With how LoadAsset currently works, this simply isn’t possible. I easily avoid any potential vulnerabilities by combing through the asset using GetDescendants, destroying any potentially harmful objects such as scripts.
This is not the worst solution, but I’m currently just using the “take every model into my inventory” method. It’s working fine for now, but it’s definitely not something I want to do forever.
This is an intentional product feature. We do not want to encourage developers to have dynamic third party dependencies in their games. This would mean their game is subject to breakage at any time.
In the future, we will allow third party packages so developers will have control over when the package gets updated. Do you think this will work for your use case?
@Seranok While I do see your point, why hasn’t this limitation been applied to the require(assetId) function? Can you clarify why require(assetId) isn’t restricted when, in practice, it is also creating “dynamic third-party dependencies” within many games, such as with admin scripts?
Here’s the difference: It can currently load any free ModuleScript from the Library via its asset ID, and there is no setting to restrict it. ModuleScripts can run their code before the game can do anything to interfere, so it might as well be a more dangerous version of loadstring. In contrast, with InsertService, games have an opportunity to strip out BaseScripts and other unwanted objects before adding them to game worlds, but it’s currently restricted.
Basically, a more controllable model-loading system, InsertService, is restricted, but a less-controllable and more dangerous system, require(assetId), is unrestricted. Given the reasons I’ve stated, it would seem the restrictions should be the other way around.
I have previously made a similar feature request to this asking for security switches for these two model-loading functions.
In the meantime, I created web server software which eases the restrictions for non-group games (for creators willing to run their own web servers).
We have not yet locked down require(assetId) because we have not viable alternative in place. Once we have third party packages, we will see about locking it down.
I am quite strongly opposed to the idea of this restriction. The game I run is an obvious edge case (to not call it an edge case would be nothing short of ridiculous). My game is driven by UGC – Users design their own character models and can use them freely, comparable to the likes of VRChat.
Given that the ability to dynamically load from third party sources is the lifeblood of my game, and moreso that I’m making use of third party modules to bypass the restriction that OP is requesting gets lifted (via having my game’s group + a separate, trusted group upload approved modules that return a model packed inside of the ModuleScript), it would mean that the major selling point the community follows is removed. It would undoubtedly kill the game, given that >80% of the players use a custom model.

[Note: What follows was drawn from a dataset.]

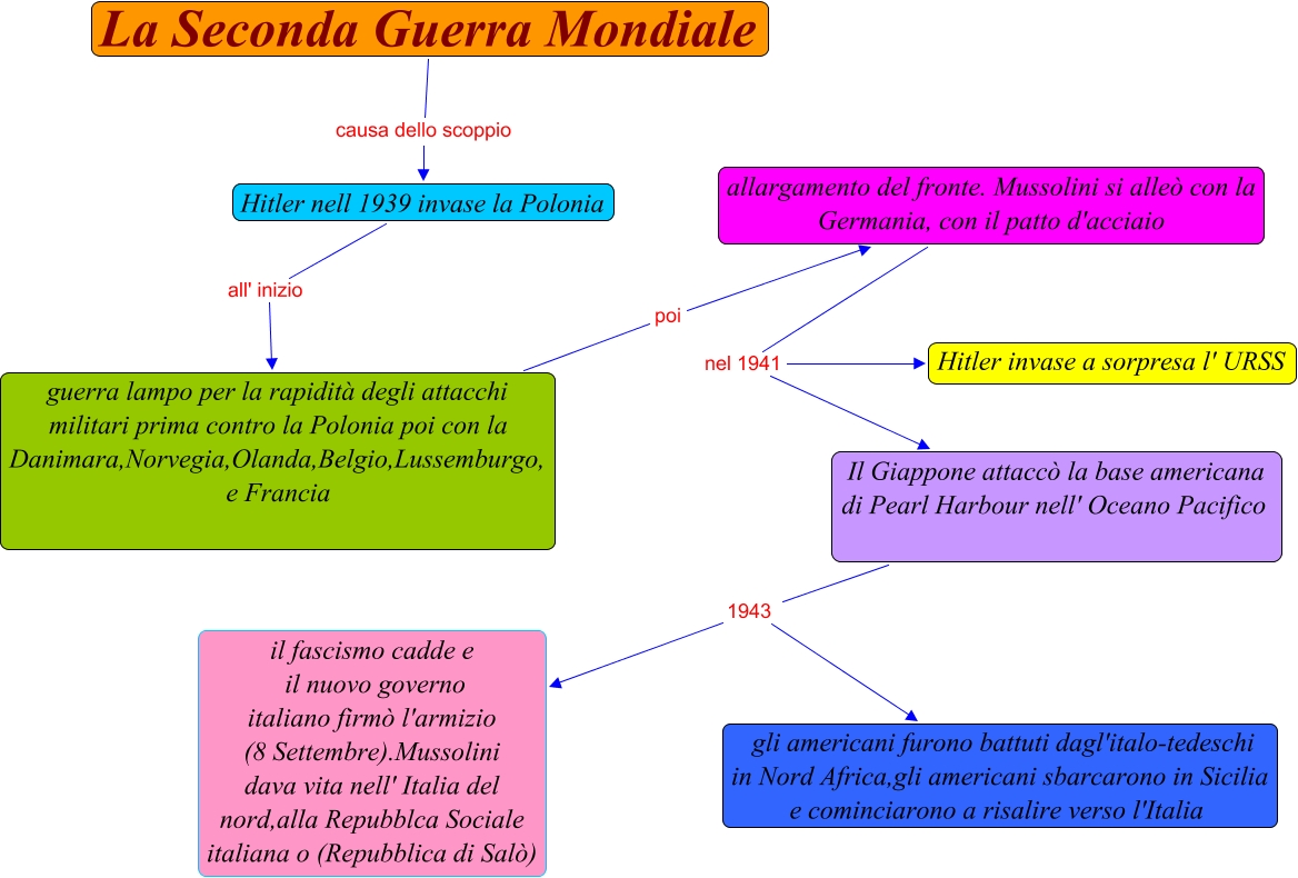 Questa Cmap, creata con IHMC CmapTools, contiene informazioni relative a: 2 g m (luca Ma Virginia), La Seconda Guerra Mondiale causa dello scoppio Hitler nell 1939 invase la Polonia, guerra lampo per la rapidità degli attacchi militari prima contro la Polonia poi con la Danimara,Norvegia,Olanda,Belgio,Lussemburgo, e Francia poi allargamento del fronte. Mussolini si alleò con la Germania, con il patto d'acciaio, Il Giappone attaccò la base americana di Pearl Harbour nell' Oceano Pacifico 1943 gli americani furono battuti dagl'italo-tedeschi in Nord Africa,gli americani sbarcarono in Sicilia e cominciarono a risalire verso l'Italia, Hitler nell 1939 invase la Polonia all' inizio guerra lampo per la rapidità degli attacchi militari prima contro la Polonia poi con la Danimara,Norvegia,Olanda,Belgio,Lussemburgo, e Francia, allargamento del fronte. Mussolini si alleò con la Germania, con il patto d'acciaio nel 1941 Hitler invase a sorpresa l' URSS, Il Giappone attaccò la base americana di Pearl Harbour nell' Oceano Pacifico 1943 il fascismo cadde e il nuovo governo italiano firmò l'armizio (8 Settembre).Mussolini dava vita nell' Italia del nord,alla Repubblca Sociale italiana o (Repubblica di Salò), allargamento del fronte. Mussolini si alleò con la Germania, con il patto d'acciaio nel 1941 Il Giappone attaccò la base americana di Pearl Harbour nell' Oceano Pacifico

I had plans to implement a feature like this in a newer title of mine since it was an incredibly successful marketing tactic that raised hundreds of thousands of Robux for my title, but it seems that, depending on the decisions made by the Roblox team, this idea may have to be scrapped.
Simply put – I strongly agree with OP. It was unfortunate to see that InsertService.AllowInsertFreeModels was added only to be removed in a very short time. It gave me a bit of hope. I’d like this restriction to be optional.
My experience heavily revolves around players being able to insert their own MeshParts, however currently the only way to do this is via InsertService as MeshId cannot be changed at run-time, but InsertService doesn’t allow you to do this because of ‘trust check’.
Roblox should be giving the power to the developers, sure, many developers will end up making bad decisions with InsertService but this restriction is heavily limiting what is possible on Roblox. Can this be re-visited, maybe a sandboxed version that only inserts non-script objects, that would at least suffice many use-cases?
I wish this method would still function, it’s unfortunate that time has come to kill it off and has led developers with no way to workaround this for ‘security concerns’
Could this be reconsidered? There is a reason why we have a setting to enable third party products and HTTP, Yet not being able to insert third party models under our own caution and safety checks? That should obviously be a setting that we the developers have the right to choose if we want this sort of behavior or not.
@HexadecimalLiker and I are working on a project that would really benefit from allowing this. I understand the security risks, but there should at least be some way to manually override this for edge cases such as ours.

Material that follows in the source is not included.